Materials and Methods
Procedures and Participants
Prior to study start, all materials, procedures, and the intervention protocol were approved by the Institutional Review Board (IRB; ID: 00005974). Study recruitment was conducted at a large Southwestern university and surrounding area businesses. Approved recruitment flyers detailed study specifics including eligibility information and study requirements. A study-specific Facebook page was created to promulgate study promotion and recruitment efforts. Interested potential participants initiated contact by calling the study phone number and/or responding via the email link on the Facebook page to set up a time to conduct eligibility screening. Notably, the current exploratory analysis was part of a larger study, with primary outcomes reported elsewhere [Reference James, Larkey, Evans, Sebren, Goldsmith and Smith22].
To determine eligibility, potential participants completed a brief 5-minute phone screener with research staff. Inclusion criteria required that participants were: (1) female, between 45 and 75 years old, (2) able to participate in a low-intensity gentle movement class for 8 weeks, (3) could speak/understand English, and (4) able to attend classes on site (e.g., campus). Exclusion criteria included women who were: (1) outside of the targeted age range, (2) unable to stand up for 10 minutes, and (3) unable to walk. Eligible individuals were invited to schedule an on-site data collection appointment during which study staff reviewed the consent form with participants and once signed, engaged in data collection. Data collection (pre- and post-intervention) and intervention classes took place on campus between October 2015 and December 2017 over the course of six cohorts (ranging from 5 to 12 participants).
Intervention
The single-group, pilot study was conducted as a pretest/posttest intervention, such that all participants received the same 8-week intervention (i.e., no control group) with once-weekly 30-minute Tai Chi Easy classes (taught by certified instructors). Tai Chi Easy intervention exercises were taught while standing up; however, participants were given the option to engage in practices while being seated and/or using a chair for balance throughout the instructed classes (with instructor guidance provided to adapt to these accommodations). Participants were encouraged to engage in daily at-home practices and received (a) a Tai Chi Easy DVD containing a demonstration video of all exercises taught in class, and (b) a hard copy log to track practice day/time.
Measures
All study measures were collected pre- (week 0; T1) and post-intervention (week 9; T2). Pre-intervention data collection took place within the week prior to study start (week 0) and post-intervention data collection took place within the week after the last class (week 9).

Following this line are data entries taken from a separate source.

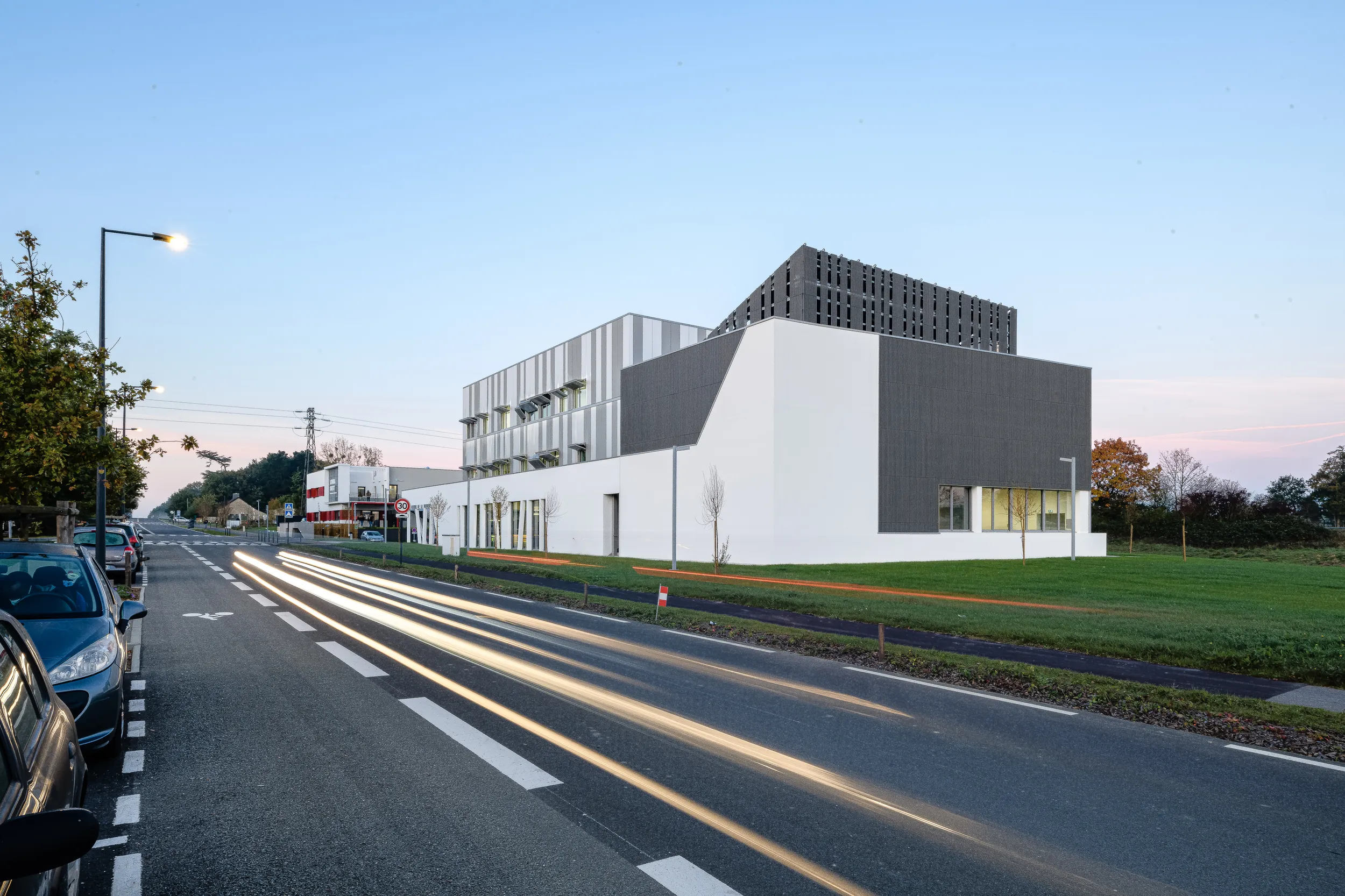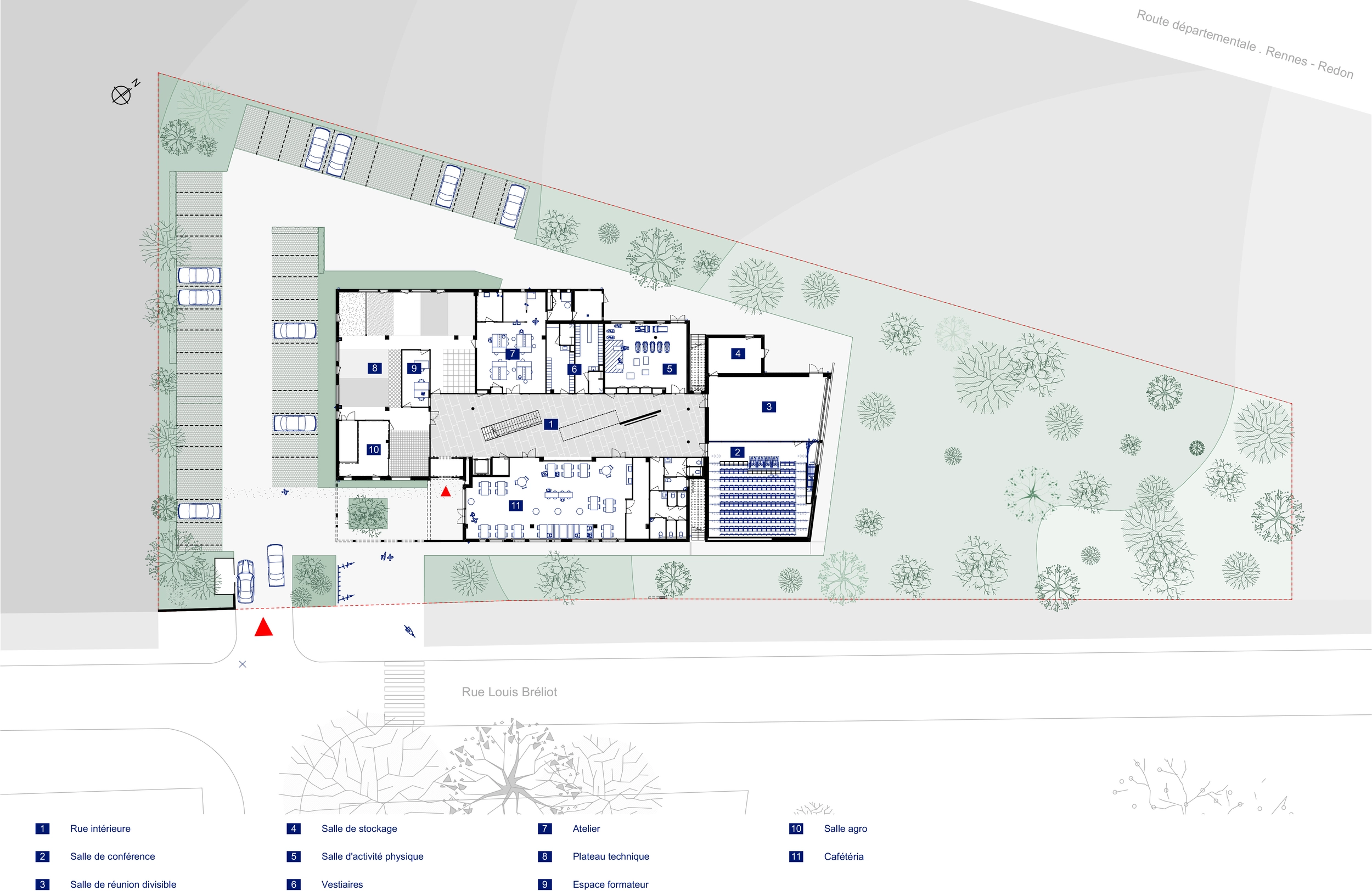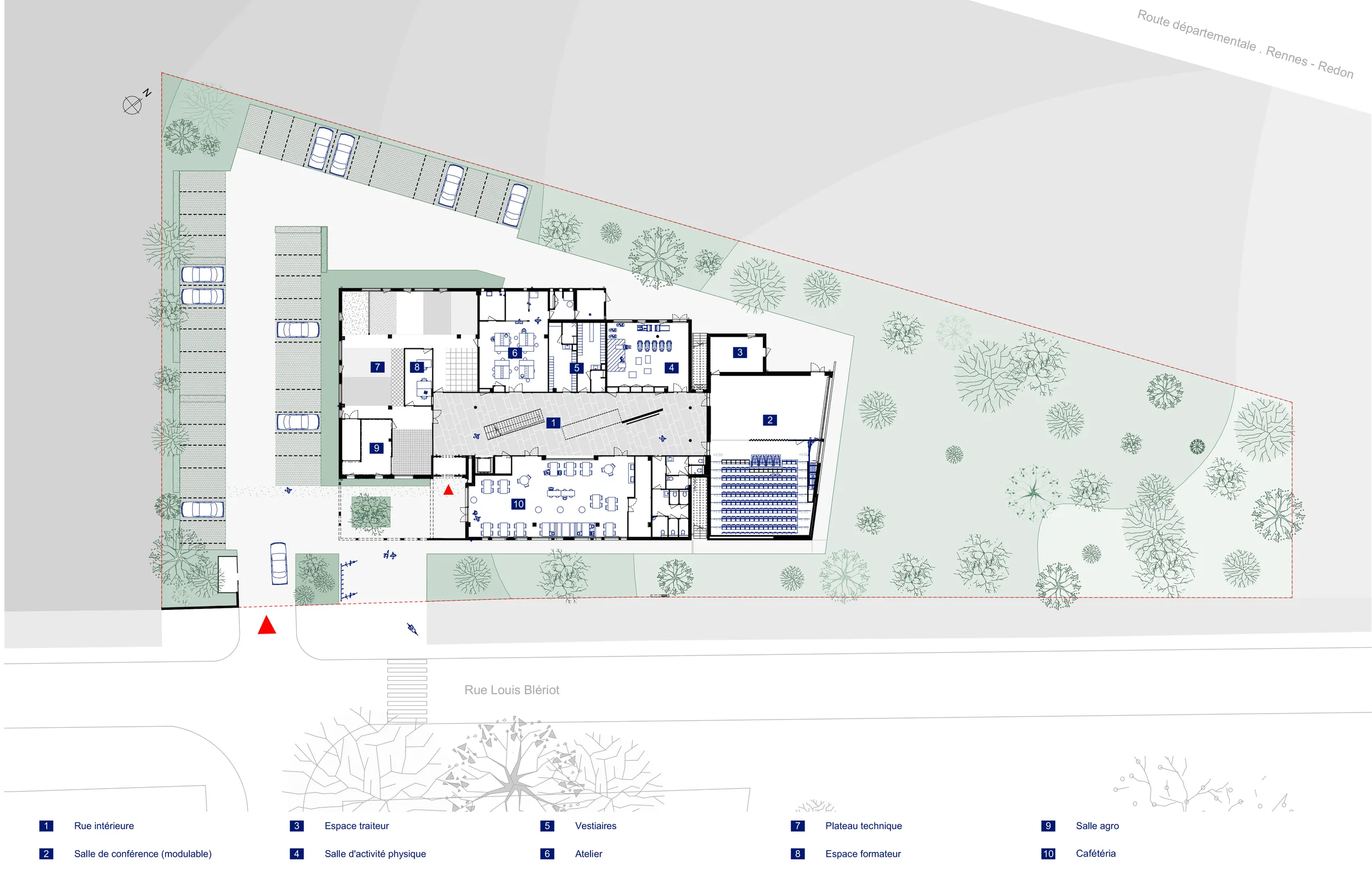 Contraintes spécifiques : insertion du projet sur une parcelle complexe de forme triangulaire et située entre la rue Louis Blériot et la voie rapide Rennes / Redon.
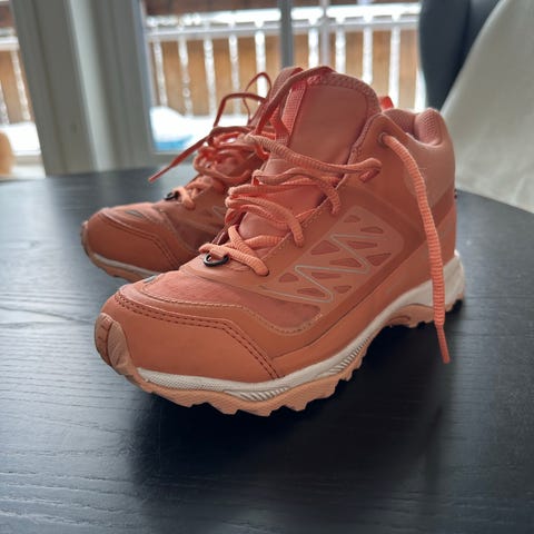 Viking joggesko for barn i størrelse 34, unisex. Joggeskoene har borrelås eller snøring avhengig av modell, og er egnet som hverdagssko eller til aktivitet. Flere par i ulike farger vises på bildene. Skoene er i brukts stand, med synlig slitasje spesielt på noen av parene. Passer til barn som trenger joggesko i størrelse 34.
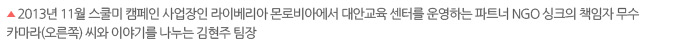 그 이야기가 계속 제 머릿속에 맴돌았어요. 학교에 가지 못할 이유는 많지만 그럼에도 학교가 가고 싶은 곳이고 배우는 게 즐겁다면 아이들은 포기하지 않을 것이라고 생각하게 되었어요. 이 아이들을 위해 서울에서 제가 할 일은 그곳 직원들과 선생님이 일을 잘 할 수 있게 해주는 것이라고 생각해요.
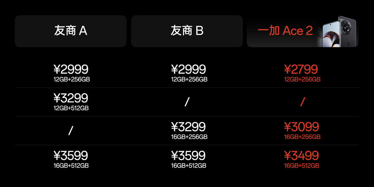 一加 Ace 2 16GB + 256GB 版本,售價3099元;

The Pittsburgh Sleep Quality Index (PSQI) [Reference Buysse, Reynolds, Berman and Kupfer35] was used to measure subjective sleep quality over the previous month. Pittsburgh Sleep Quality Index includes seven subscale components: sleep quality, sleep latency, sleep duration, habitual sleep efficiency, sleep disturbances, use of sleep medications, and daytime disturbances. Pittsburgh Sleep Quality Index contains 19 items yielding a global score ranging from 0 (high sleep quality) to 21 (low sleep quality); lower scores indicate improved levels of sleep quality. A PSQI global score of > 5 is considered indicative of significant sleep disturbance [Reference Buysse, Reynolds, Berman and Kupfer35]. PSQI reports strong internal consistency (Cronbach’s α = 0.83) [Reference Buysse, Reynolds, Berman and Kupfer35].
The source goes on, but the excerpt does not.